Bill Bialkowski

Bill Bialkowski – B.Eng., MASc., P.Eng., FCAE

Bill is a Professional Engineer and was elected a Fellow of the Canadian Academy of Engineering ( in 1992.

He was born in Poland in 1940 (legal name is Wojciech Ludwik Bialkowski.) and was educated in England and Canada. His engineering specialty is the field of stability and control, and has applied mathematical models to solving stability and control problems in many systems, the majority of which were hydraulic in nature.

His first design and model challenge came in 1965 (55 years ago) and involved the hydraulic drag of new Canadian Navy sonar equipment. His Masters of engineering thesis involved the stability and hydraulic control of the Canadian Navy’s stte-of-the-art  FHE-400 hydrofoil ship (’Or_(FHE_400)). This required a thorough education in hydraulic principles. 
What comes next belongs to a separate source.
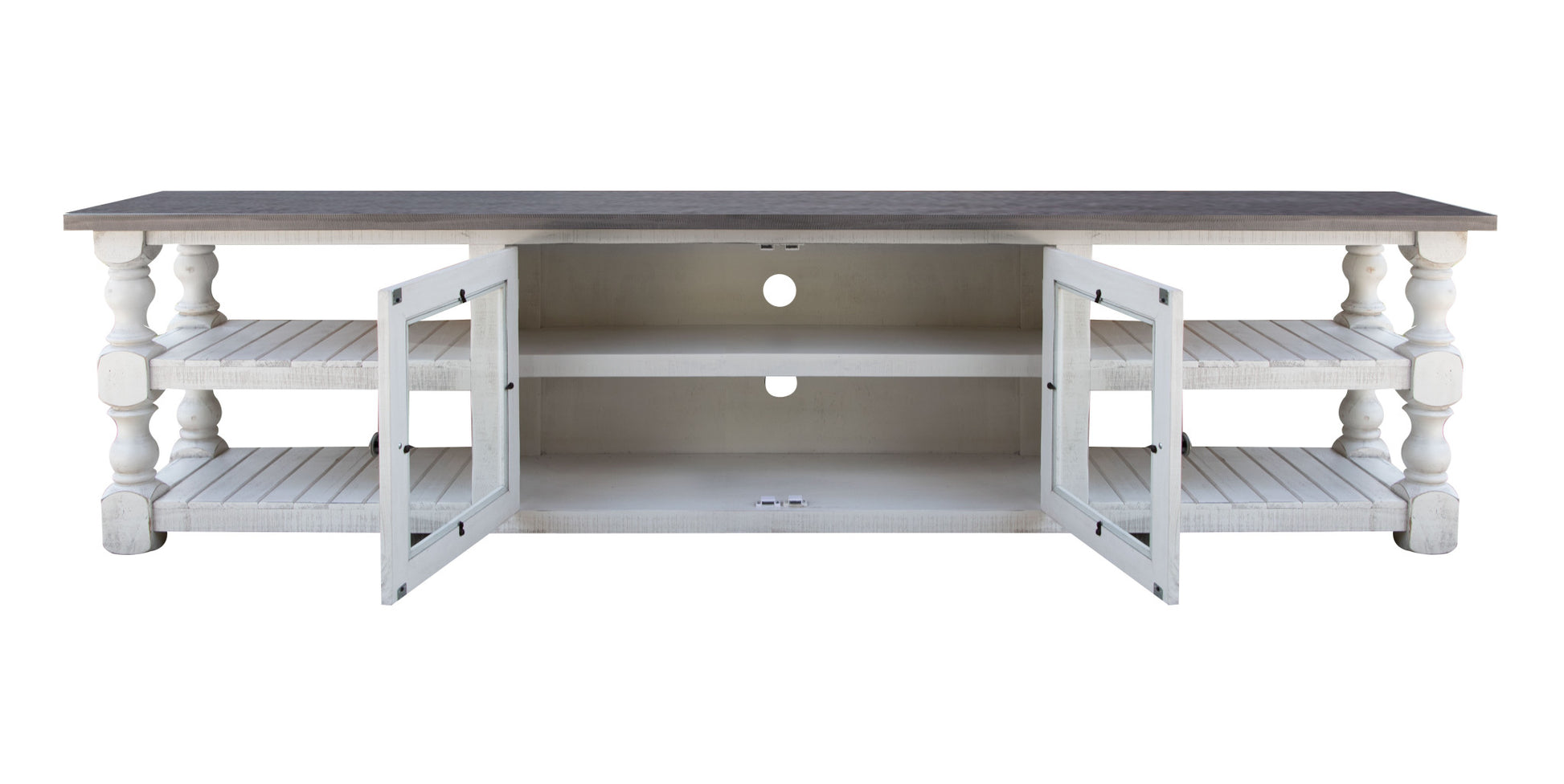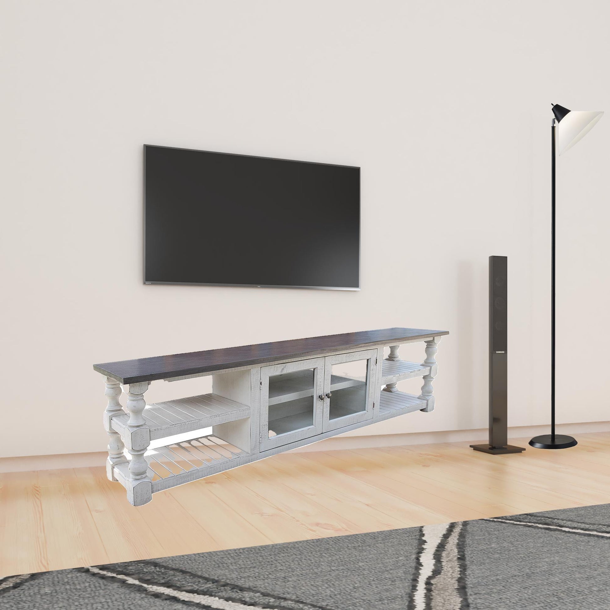 Practical, space saving, and good looking, this 93" gray and ivory solid wood cabinet enclosed storage distressed tv stand is a versatile media storage solution. Curated from high quality solid pine wood, this console is natural, beautiful, and built to last. Due to the genuine nature of the wood some natural wood knots, and grain and color variations may occur. I To add to the versatility, this piece features open non-concealed storage that can be used for not only storage but display as well. A cord cut out hole is ideal for wire and cable managment to keep your space looking tidy. Ideal for tv placement and storage in your living room, bedroom or office. 27" H x 92.5" W x 15.75" D

Over the next 20 years he designed, installed and commissioned computer control systems in pulp and paper mills around the world and became familiar with the intricate hydraulics of the paper making process and how to control its internal instabilities for better paper uniformity and customer satisfaction. In 1984 he founded EnTech Control Engineering Inc. a company which gained a world-wide reputation for stabilizing pulp and paper mill operations. Its success resulted in EnTech being acquired by Emerson of St. Louis, MO, USA, a world leader in process automation.
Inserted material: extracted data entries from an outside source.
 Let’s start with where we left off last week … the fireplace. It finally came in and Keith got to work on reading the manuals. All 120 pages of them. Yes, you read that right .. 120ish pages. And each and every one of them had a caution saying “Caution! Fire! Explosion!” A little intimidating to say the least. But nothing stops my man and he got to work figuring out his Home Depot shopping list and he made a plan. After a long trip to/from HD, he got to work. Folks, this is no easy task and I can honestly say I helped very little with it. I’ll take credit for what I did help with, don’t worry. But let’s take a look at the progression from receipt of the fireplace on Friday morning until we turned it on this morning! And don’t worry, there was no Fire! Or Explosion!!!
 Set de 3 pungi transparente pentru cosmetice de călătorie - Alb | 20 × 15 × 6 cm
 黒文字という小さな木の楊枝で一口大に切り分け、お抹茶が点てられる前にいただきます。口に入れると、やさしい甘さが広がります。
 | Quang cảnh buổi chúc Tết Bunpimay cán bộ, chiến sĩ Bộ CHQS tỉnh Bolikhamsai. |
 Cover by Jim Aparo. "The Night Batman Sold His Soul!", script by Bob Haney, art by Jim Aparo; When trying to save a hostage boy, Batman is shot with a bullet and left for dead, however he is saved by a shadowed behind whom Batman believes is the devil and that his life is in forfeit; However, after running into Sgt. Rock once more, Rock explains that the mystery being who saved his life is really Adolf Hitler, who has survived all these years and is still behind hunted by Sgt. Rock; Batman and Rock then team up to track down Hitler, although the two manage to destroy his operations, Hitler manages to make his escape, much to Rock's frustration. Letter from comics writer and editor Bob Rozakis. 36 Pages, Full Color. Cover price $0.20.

Bill has contributed to the control engineering discipline by co-authoring several text books, hand books, international performance standards, many papers and the teaching of hundreds of process control engineers. He was named control engineer of the year in 1997 in Los Angeles and was granted the 2001 Pioneer Award by the US Pulp & Paper Industry.
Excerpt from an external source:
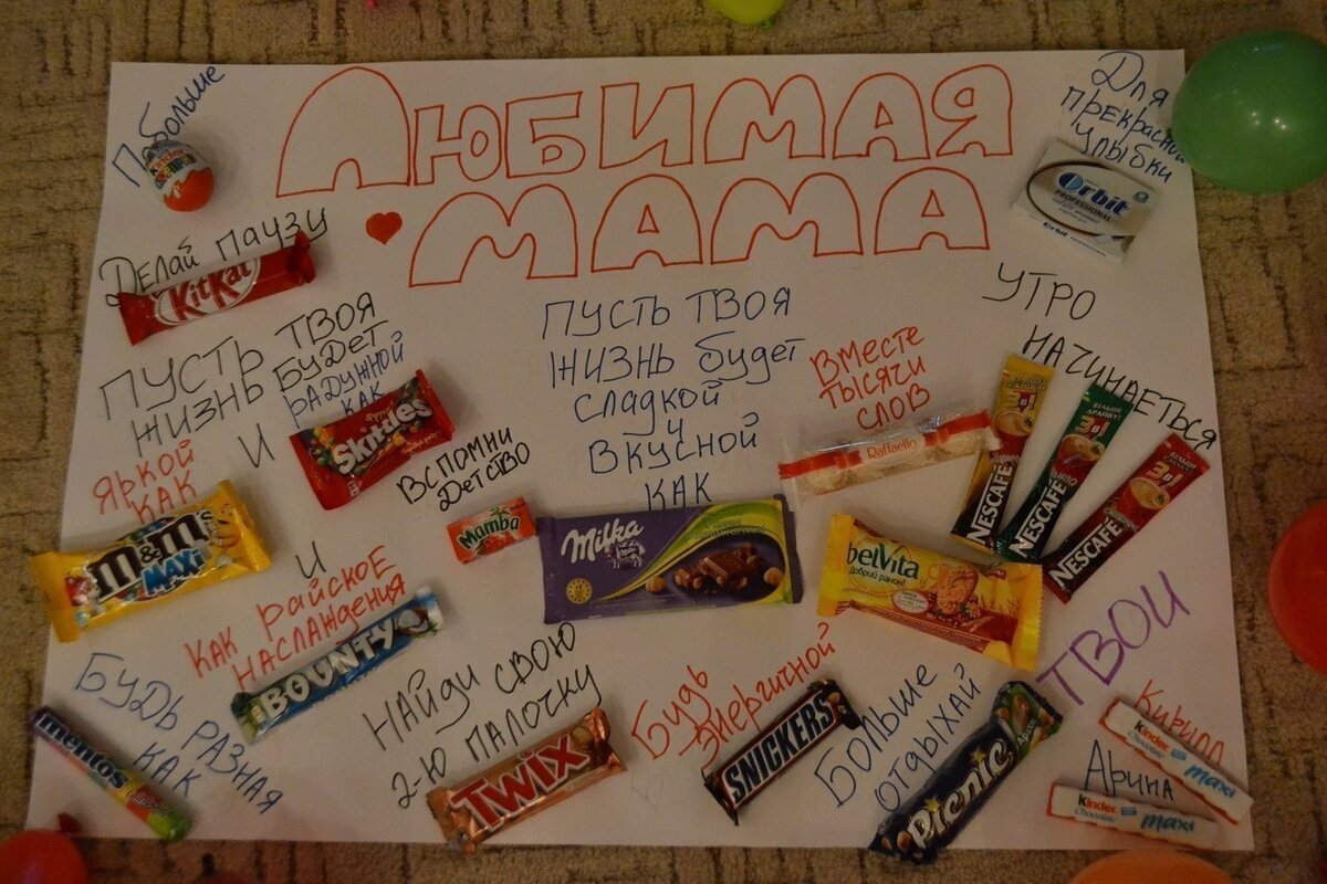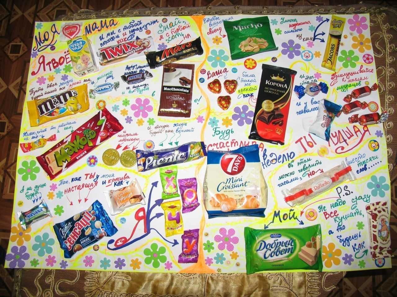 Плакат со сладостями на день рождения маме

Bill sold his company and retired in 2003, only to be found by Mary Muter, then of the Georgian Bay Association, who was trying to understand why water levels on Georgian Bay were so low. Our early work modeling the St. Clair River led to the commissioning of Baird and Associates, and the Baird Report of 2005, which uncovered previously unknown erosion in the St. Clair River. Bill’s early models were also presented to David Fay, then of Environment Canada (later IJC Canadian Section). David Fay provided Bill with the hydraulic equations relating to connecting channel flows, which in turn allowed Bill to build an accurate hydraulic routing model of the whole Great Lakes basin. In 2017, Bill’s model was presented at IAGLR 2017 (International Association of Great Lakes Researchers) in Detroit. This was followed by designs of hydraulic structures to mitigate both extreme low and high-water levels. All of these designs and models have been shared with the International Joint Commission, and the USA Army Corps of Engineers.